The defendant stole a color television set from the Truck Ranch Motel, Pendleton, Oregon. He was first tried by a jury for burglary not in a dwelling, ORS 164.240. After the parties rested, the court entered a judgment of acquittal because he determined the motel was a dwelling. The defendant was then, in the case at bar, charged with grand larceny of the television set, ORS 164.310. The jury found the defendant guilty.
The crime of larceny requires proof of additional and different material facts or evidence than those required for conviction of the charge of burglary not in a dwelling. In accordance with the reasoning stated in my dissenting opinion in State v. Brown, 94 Or.Adv.Sh. 1591, 497 P.2d 1191 (1972), I do not reach the question of retroactivity of the rule laid down by the majority in Brown. I would hold defendant's conviction of grand larceny to be valid.
Notwithstanding the above, I concur with Mr. Justice McAllister's opinion wherein it is stated that the rule laid down in Brown should be applicable "only when the prosecution upon which a former jeopardy claim is based began after May 24, 1972, the date Brown was decided."
NOTES
[1] ORS 164.240 repealed, Oregon Laws 1971, ch. 743, § 432.
[2] ORS 164.230 repealed, Oregon Laws 1971, ch. 743, § 432.
[3] The Court of Appeals' opinion recites that petitioner was "convicted" of the burglary, and that the conviction was thereafter "nullified" by the trial court. This statement appears to be in error; so far as we can determine, as stated above, the trial court granted an acquittal at the close of the state's case in chief, and the burglary charge was never submitted to a jury.
[4] State v. Allen, 248 Or. 376, 434 P.2d 740 (1967); State v. Dills; Stice, 244 Or. 188, 416 P.2d 651 (1966).
[5] State v. Thompson, 253 Or. 430, 452 P.2d 754, 455 P.2d 179 (1969).
[6] Guse v. Gladden, 243 Or. 406, 414 P.2d 317 (1966); Elliott v. Gladden, 244 Or. 134, 411 P.2d 287 (1966).
[7] Haynes v. Cupp, 253 Or. 566, 456 P.2d 490 (1969); see, also, North v. Cupp, 254 Or. 451, 461 P.2d 271 (1969).

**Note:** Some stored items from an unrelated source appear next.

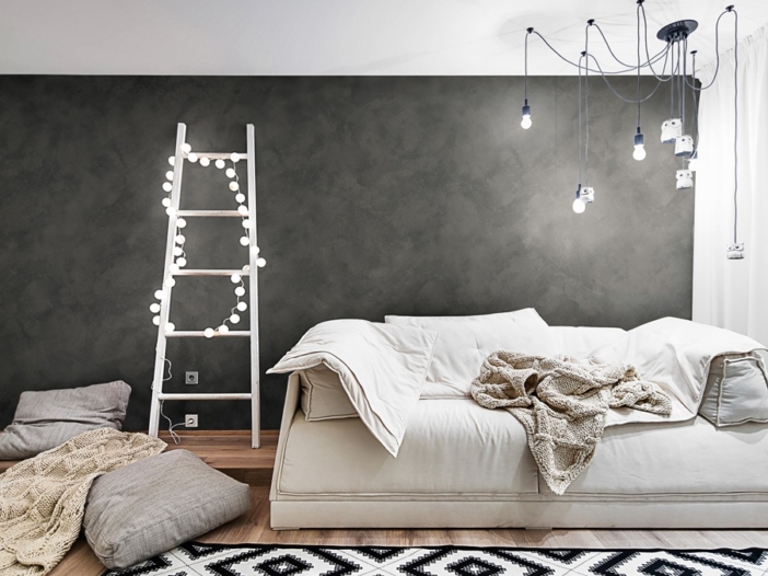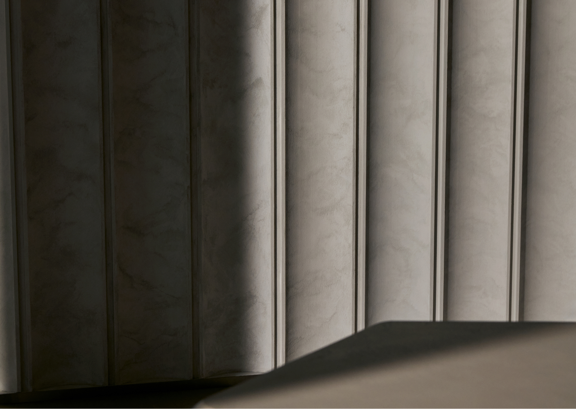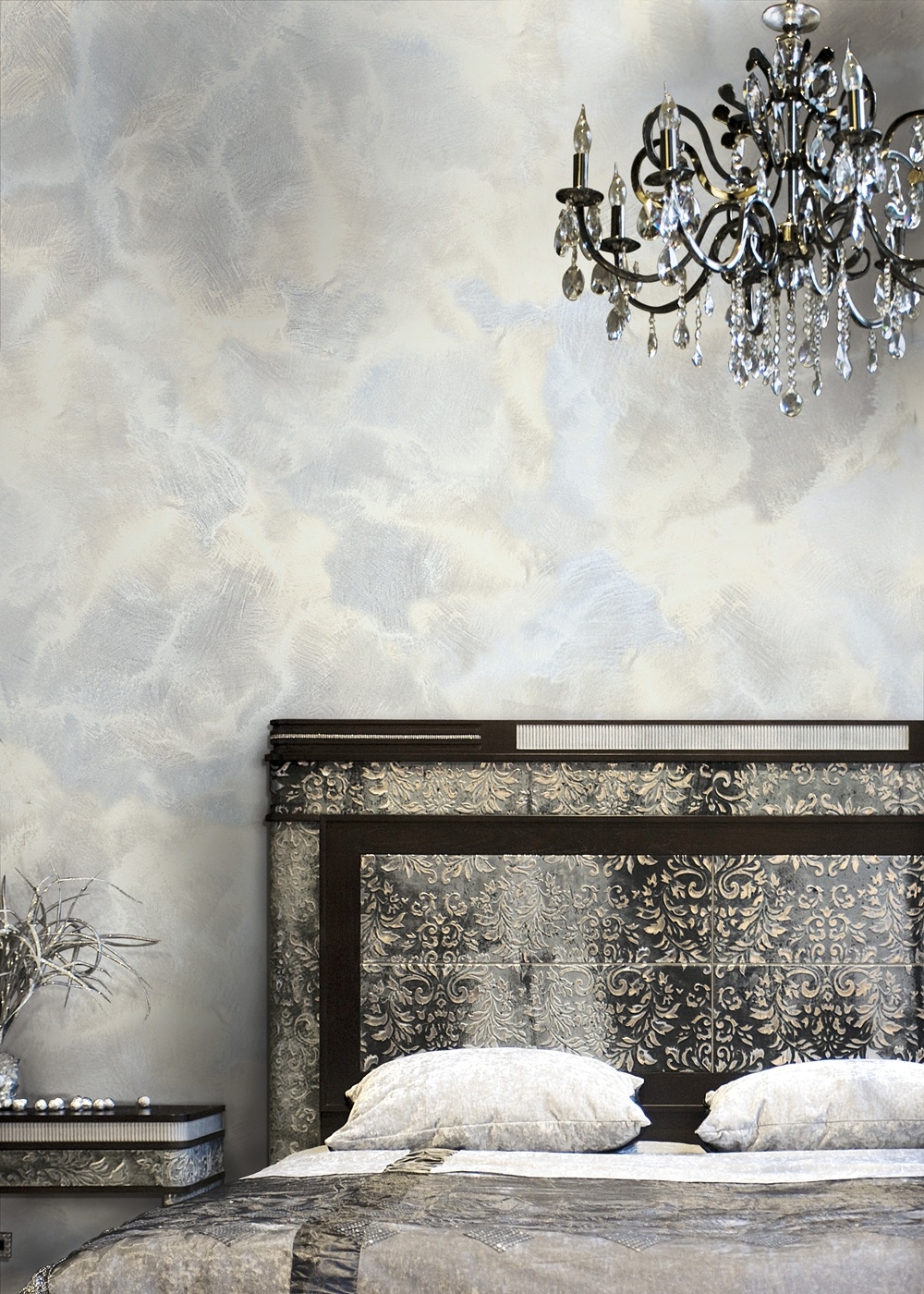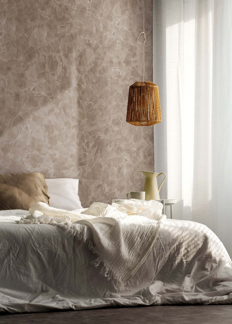 壁にシルクのような滑らかさと繊細な輝きをもたらす水性ペイントです。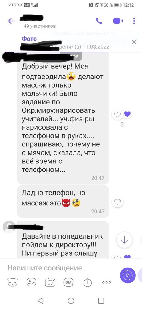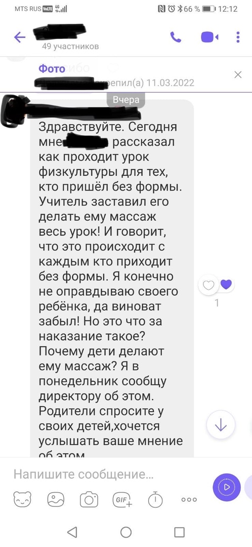 В Улан-Удэ развернулся скандал вокруг школы в одном из городских посёлков. В паблике «Аноним 03» опубликовали скриншоты из родительского чата. На них мать школьника утверждает, что учитель физкультуры просит детей делать ему массаж. По словам матери, массаж «назначается» якобы в наказание – например, за отсутствие спортивной формы.
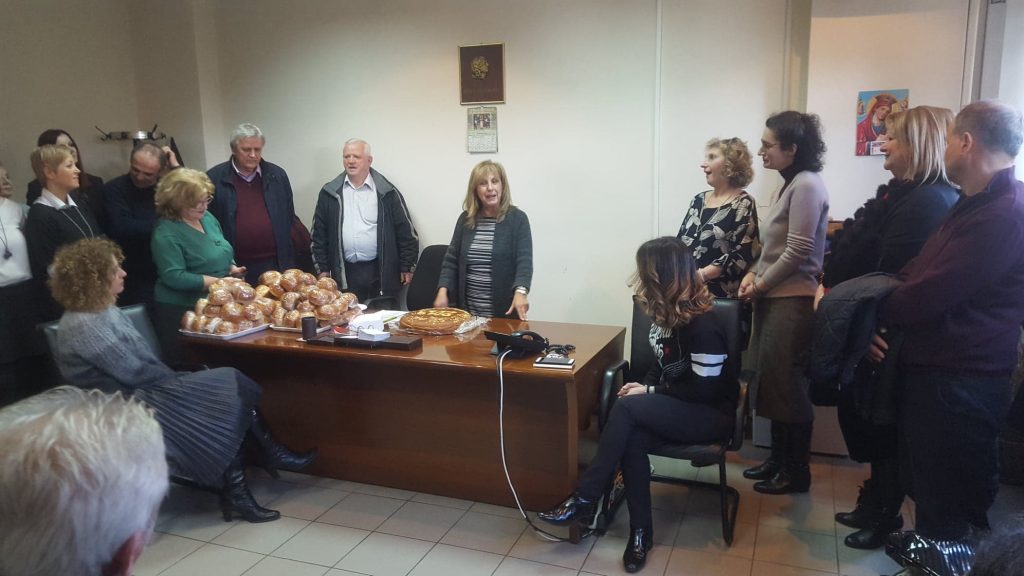 Η Αν. Αντιπεριφερειάρχης Πέλλας Αθηνά Αθανασιάδου – Αηδονά είχε την ευκαιρία να συζητήσει από κοντά με τα στελέχη των υπηρεσιών της Διεύθυνσης Αγροτικής Οικονομίας και Κτηνιατρικής και της Υποδιεύθυνσης Οικονομικού-Ανθρωπίνων Πόρων κατά τη διάρκεια της κοπής βασιλόπιτας των δύο υπηρεσιών.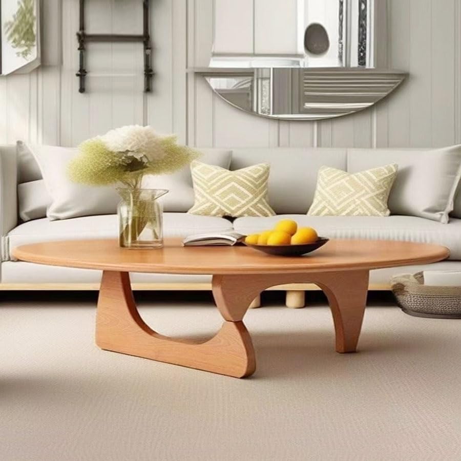Mid Century Modern Abstract Design Coffee Table with Elegant Wood Frame and Small Triangular Side Table Stylish and Functional Accent Piece for Contemporary Living Spaces 83×40 cm.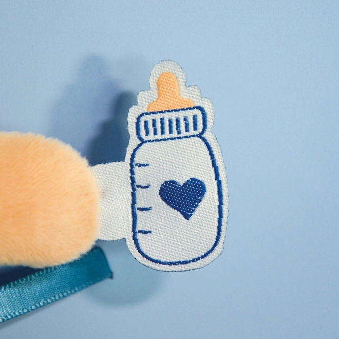 Mekana mini lutkica Doudou Jolijou 18 cm u plavoj. Nježni materijali, vezene pojedinosti, bočica u ruci, pranje na 30 °C, prikladno od rođenja, ispunjava CE.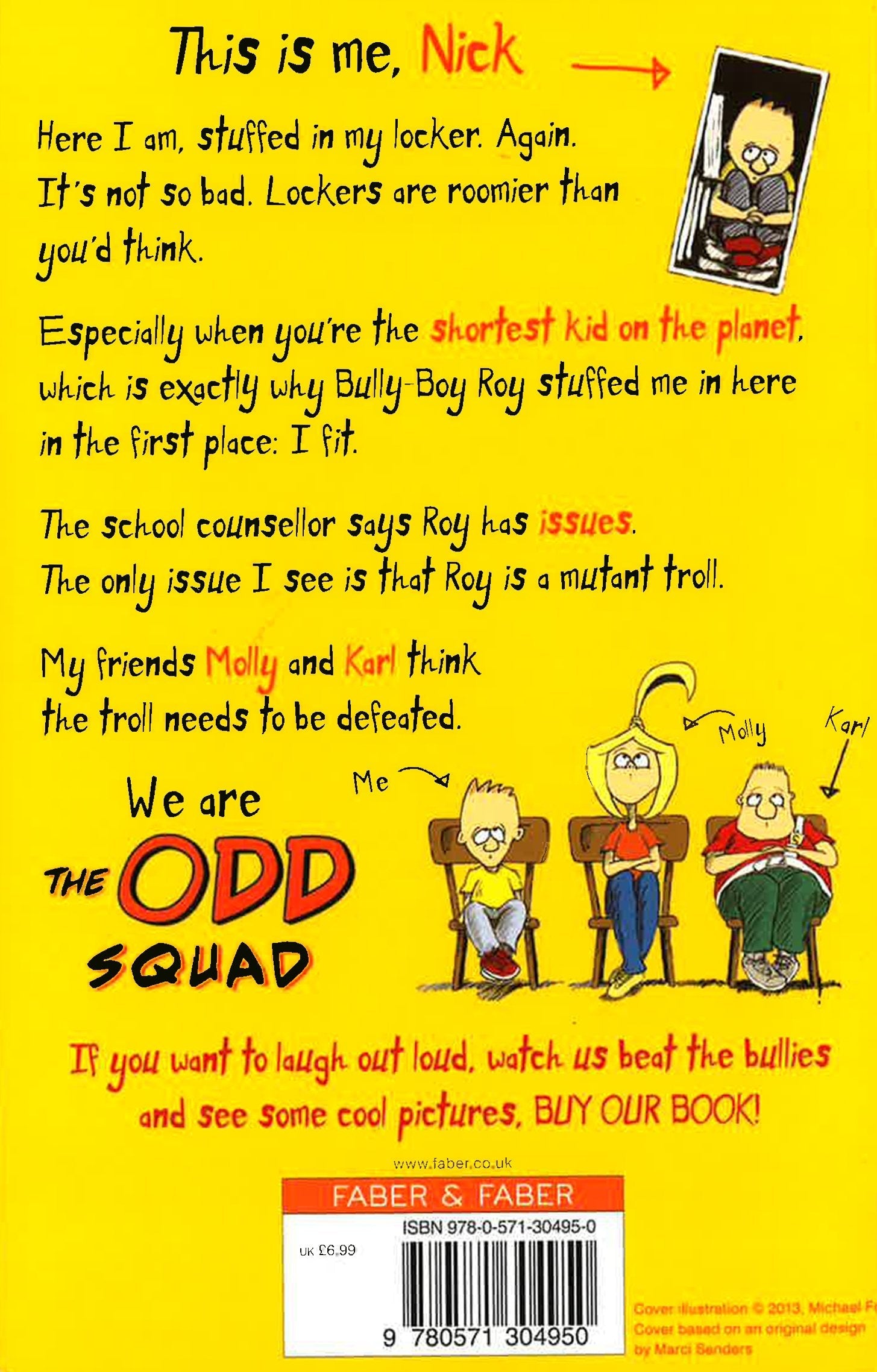 Nick is stuffed in his locker. Again. It's not so bad. Lockers are roomier than you'd think. Especially when you're the shortest kid on the planet, which is exactly why Bully-Boy Roy stuffed him in there in the first place: he fits. The school counselor says Roy has issues. The only issue Nick can see is that Roy is a mutant troll. Nick's friends Molly and Karl think the troll needs to be defeated. Together, they are THE ODD SQUAD. If you want to laugh out loud, watch them beat the bullies and see some cool pictures, READ THIS BOOK!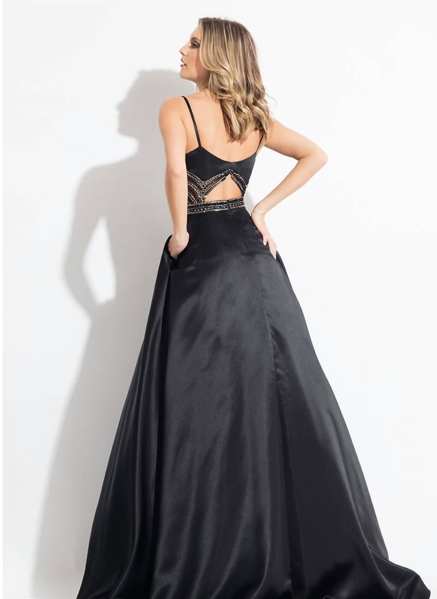 Just add a cute little clutch and a matching heel for the perfect event look. Introducing the Matte Satin Beaded V-neck Prom Gown by RACHEL ALLAN, an enchanting choice for your special occasion. Designed with elegant spaghetti straps and a bead-embroidered bodice, this gown makes a captivating statement with its open back detail. The silhouette is perfectly A-line, crafted from luxurious satin, and includes practical side pockets. Closure: Zip closure. Color: Black. This women's patterned gown, ideal for prom, combines sophistication with ease.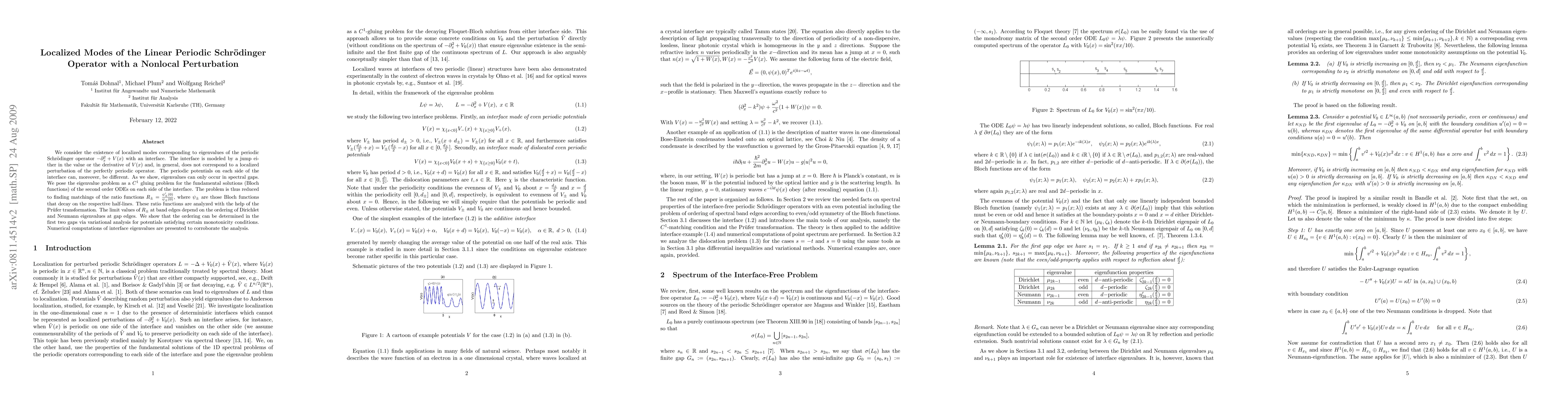 We consider the existence of localized modes corresponding to eigenvalues of the periodic Schr\"{o}dinger operator $-\partial_x^2+ V(x)$ with an interface. The interface is modeled by a jump either in the value or the derivative of $V(x)$ and, in general, does not correspond to a localized perturbation of the perfectly periodic operator. The periodic potentials on each side of the interface can, moreover, be different. As we show, eigenvalues can only occur in spectral gaps. We pose the eigenvalue problem as a $C^1$ gluing problem for the fundamental solutions (Bloch functions) of the second order ODEs on each side of the interface. The problem is thus reduced to finding matchings of the ratio functions $R_\pm=\frac{\psi_\pm'(0)}{\psi_\pm(0)}$, where $\psi_\pm$ are those Bloch functions that decay on the respective half-lines. These ratio functions are analyzed with the help of the Pr\"{u}fer transformation. The limit values of $R_\pm$ at band edges depend on the ordering of Dirichlet and Neumann eigenvalues at gap edges. We show that the ordering can be determined in the first two gaps via variational analysis for potentials satisfying certain monotonicity conditions. Numerical computations of interface eigenvalues are presented to corroborate the analysis.
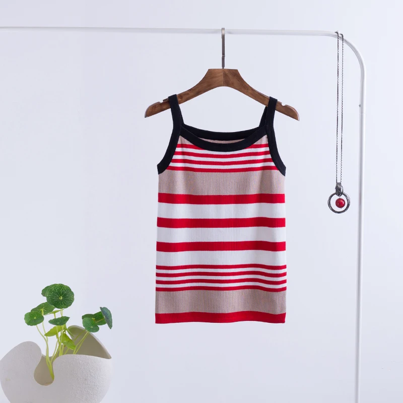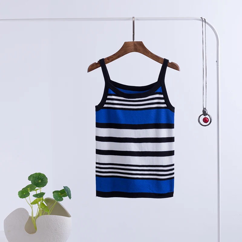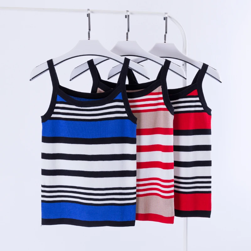 2018 Summer Sexy Stripe T-shirts Tank Top Knitted Self-cultivati Sleeveless Camisole Tops Women’s Vest
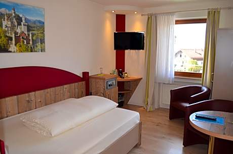 Offering free Wi-Fi and a sun terrace, this hotel is quietly located in the Ostallgäu district of Bavaria. It features a restaurant serving regional specialties, and each room has a flat-screen TV. An e-charging station is available for the hotel guests. (Please inform a hotel employee before arriving, in case you're planning to use the e charging station) The bright, modern rooms at Alpchalet Schwanstein come with a refrigerator and an electric kettle. Toiletries and a hairdryer are provided in the private bathroom, and wheelchair accessible rooms are available. Bavarian and international cuisine is offered in the traditional-style Alpchalet restaurant, with a buffet breakfast provided each morning. The Buchenbergbahn Mountain Railway is a 5-minute walk from the hotel, and Illasbergsee Lake is 3.1 mi away. The historic Neuschwanstein and Hohenswangau Castles can be reached by car within 12-minutes. The A7 motorway is a 20-minute drive from Alpchalet Schwanstein, and free private parking is available.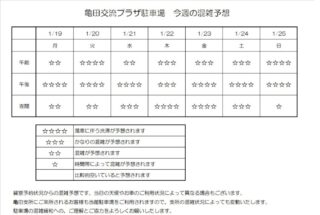 1月19日(月)から1月25日(日)までの駐車場混雑予想をご案内します。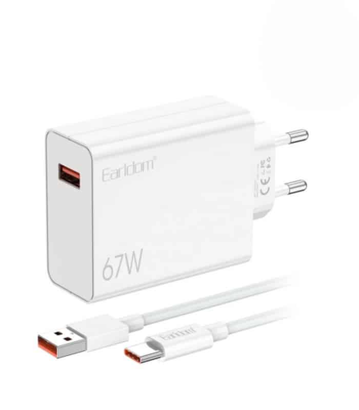 Ο Earldom EU47 67W Fast Charger προσφέρει ταχεία και ασφαλή φόρτιση για κινητά, tablets και άλλες συμβατές συσκευές. Υποστηρίζει Quick Charge 3.0 και Power Delivery (PD) για μέγιστη απόδοση, ενώ περιλαμβάνει καλώδιο USB-A σε USB-C για άμεση χρήση. Ιδανικός για καθημερινή χρήση στο σπίτι ή στο γραφείο.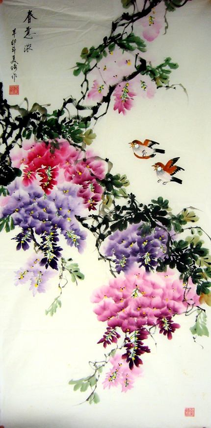 第一字画网的水墨画花鸟,这幅四尺花鸟作品非常适合挂在家里的餐厅或客厅,装裱后尺寸达到1.8米长,作品细腻生动、栩栩如生,如果放在画廊出售,王美琦老师此幅水墨画花鸟的标价起码在1200元左右。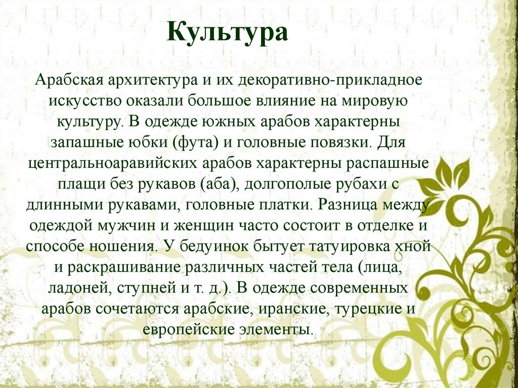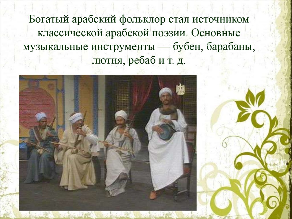 Богатый арабский фольклор стал источникомклассической арабской поэзии. Основные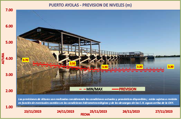 Las previsiones de Alturas son realizadas considerando las condiciones actuales y pronósticos disponibles y están sujetas a revisión en función de eventuales cambios en las condiciones hidrometeorológicas y de las descargas de las C.H. aguas arriba de la CHY.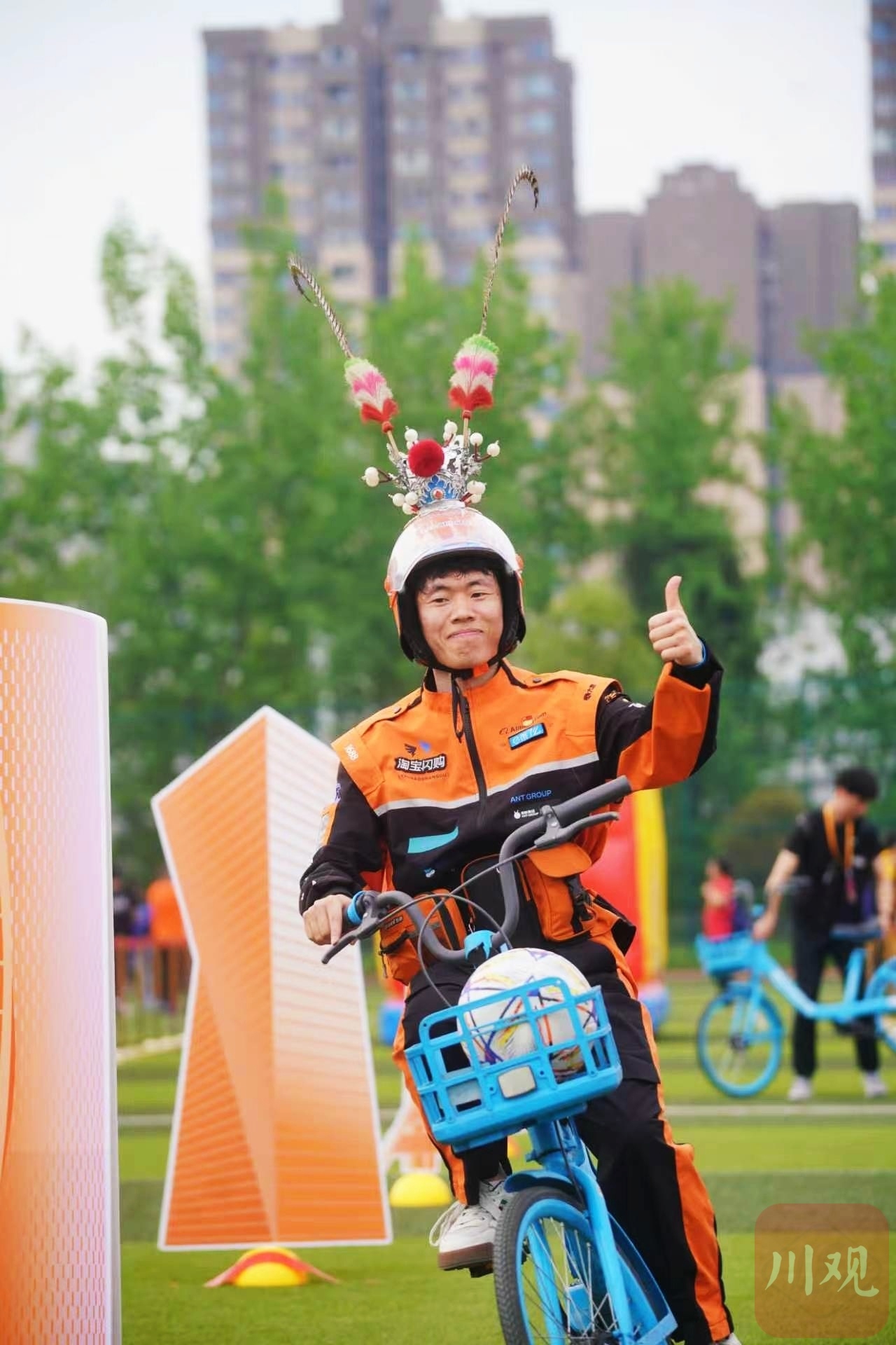 头戴创意头盔的快递小哥在骑行绕桩项目中完成挑战。

[1] The suggestion for liberalizing the rules for amending indictments would not require legislation. However if this court undertook the task of modernizing the rules of amending indictments, it would be necessary for us to repudiate some of our previous decisions, for example, State v. Russell, 231 Or. 317, 372 P.2d 770 (1962) and State v. Moyer, 76 Or. 396, 149 P. 84 (1915).
[2] For a more specific treatment of the problem, see Mooreland, Modern Criminal Procedure, ch. 19 (1959); Orfield, Criminal Procedure from Arrest to Appeal, pp. 233-247 (1947); Comment, Criminal Law Double Jeopardy Appeals by Prosecution, 9 U.Det.L.J. 93 (1946); Miller, Appeals by the State in Criminal Cases, 36 Yale L.J. 486 (1927); Steffen, Concerning Double Jeopardy and the New Rules, 7 Fed.B.J. 86 (1945); Statutory Implementation of Double Jeopardy Clauses: New Life for a Constitutional Guarantee, 65 Yale L.J. 339 (1955); Kirchheimer, The Act, The Offense and Double Jeopardy, 58 Yale L.J. 513 (1949); Hall, Objectives of Federal Criminal Procedural Revision, 51 Yale L.J. 723 (1942); Note, Criminal Law Amendment of Indictment Variance, 37 Yale L.J. 383 (1928).